Data Analysis Code Review


#1

Yes, this is going to end with me asking if anyone wants to review the code I am planning to publish with my next manuscript.

But first,

  1. What is the best way to go about finding some one to review your code? This seems like a really huge favor to ask! I'm curious how other people find reviewers, or what motivates people to step up and review.

  2. Most of what I have read about code review is written for developers. Does anyone know of any good guides for reviewing code for data analysis?

My code consists of pulling soil, weather, and nitrous oxide data from a few different sources then building a predictive model to predict nitrous oxide emissions based off of soil and weather variables. I am planning to submit it as a Reply in Nature. It is a response to an analysis/model that needed to be improved. I think all the code will be ready for review by next week (9/12). I would be eternally grateful if anyone wants to take a look at what I've got.


#2

A lot of analysts have colleagues who can review code. Even if they have no R skills, you could walk them through the program and explain the purpose of each code chunk (btw, this is a great way to organize scripts and write documentation).

But an online community of data analysts who review one another's projects would be useful. You might want to pitch the idea to rOpenSci or the R Consortium

There's not much difference between "general" and "analysis" software, so the review process is similar. And it's possible to bundle a report as a package. Sometimes efficiency isn't a concern, but the other points apply:

  • Does it work?
  • Does the code follow a style, making it easily read?
  • Do the naming and organization help understand what's being done?
  • Are there directions for running/using it?
  • Do you bundle repeated actions inside functions? Use similar objects (ideally with well-defined structure) to hold similar data?

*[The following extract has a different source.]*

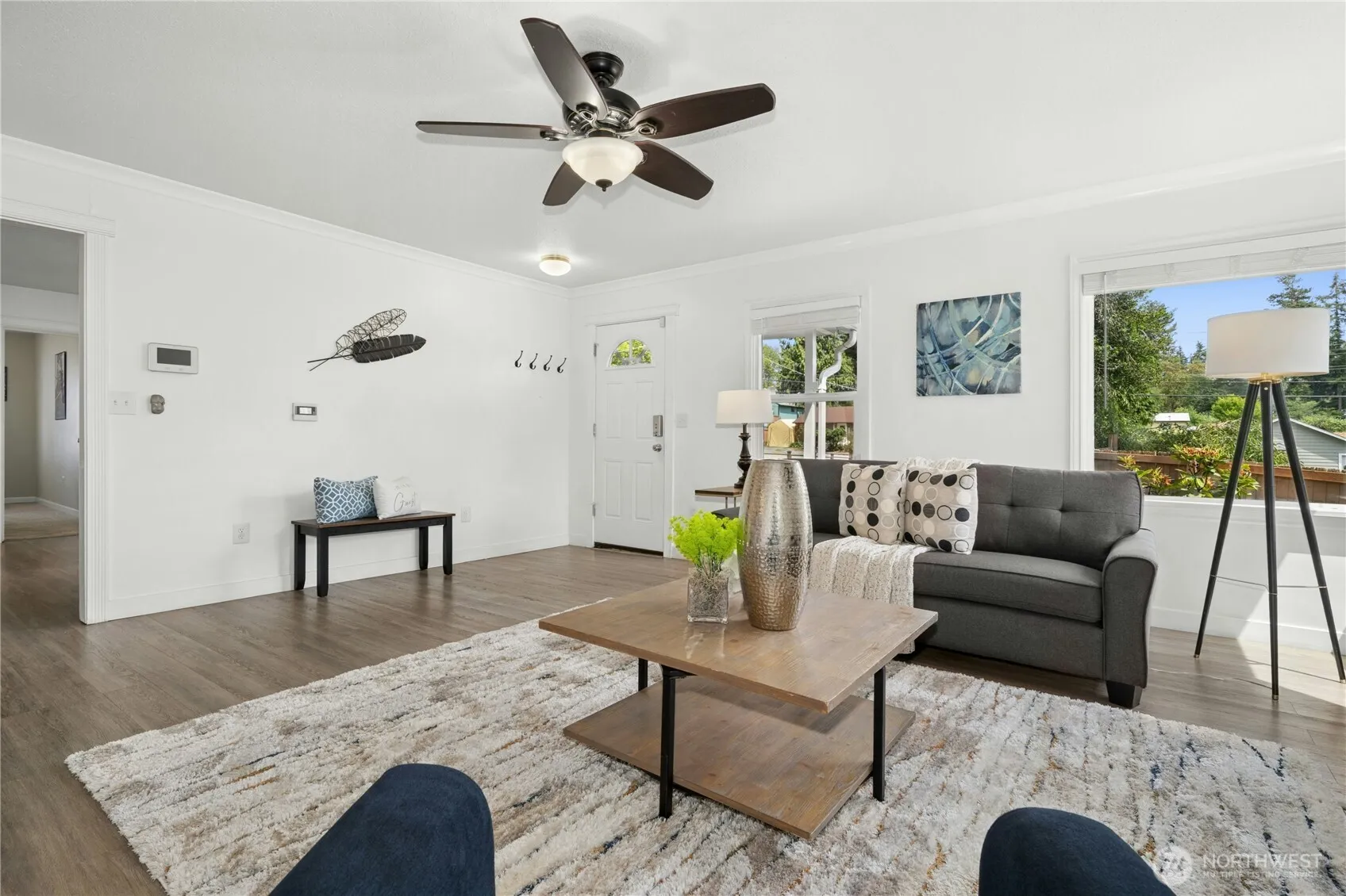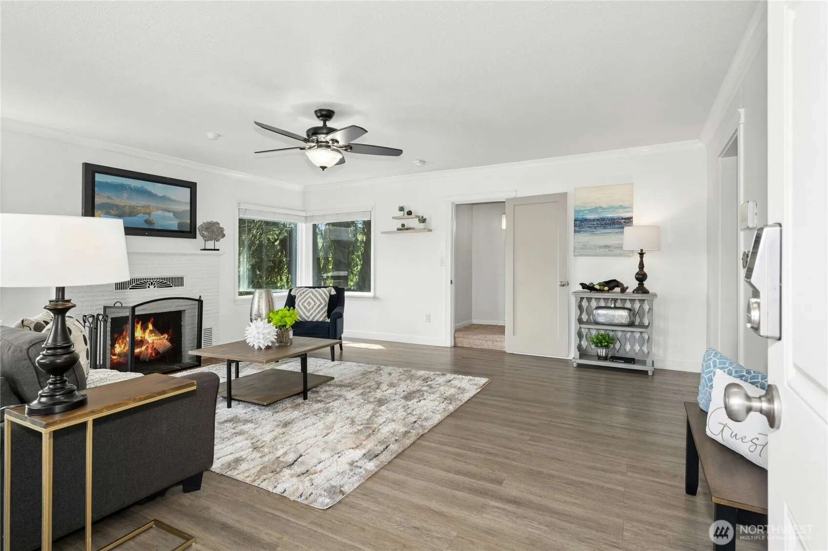 Tucked back from the road in a tree-lined setting, this 1943 bungalow will enchant you with its classic charm and seamless updates for modern living. Step into a light-filled living room with wrap-around windows flanking the beautiful period fireplace. Cooking is a delight in the remodeled quartz/stainless kitchen opening to the dining area. Three bedrooms are all together on the main floor, including your primary with en-suite bath & walk-in closet. A large bonus room upstairs + xtra unfinished space in the basement offers potential work/play/storage. Create your own backyard oasis in the level, fenced yard with low-maintenance landscaping. New roof in 2024. Great location near I-5 access, light rail, schools, shops & dining! Just Reduced!

I would recommend Workflow of Statistical Data Analysis by Oliver Kirchkamp. It's a lengthy guide to writing analysis reports using R. It doesn't explicitly address peer review, but does give opinions on how to code.


#3

This is a fantastic resource that I haven't see before -- thank you for sharing!


#4

Thanks for the resources and the nice reply! Kirchkamp looks like a very good reference.

I'd like to keep the question open. I've read quite a bit on "how to code", but just because the code looks right and works, doesn't mean it wouldn't benefit from a second set of eyes. I can't imagine ever submitting text without having some one look over it.

Still curious if there are more opinions or experiences out there related to code review.


#5

I don't have great answers (sorry!); this is a hard topic for data analysts that so far seems to be solved by individual lab groups, eg (if "solved" at all). But I wanted to point out that there's a very related ongoing discussion happening at the rOpenSci discussion board, with the goal to plan a community call on the topic relatively soon.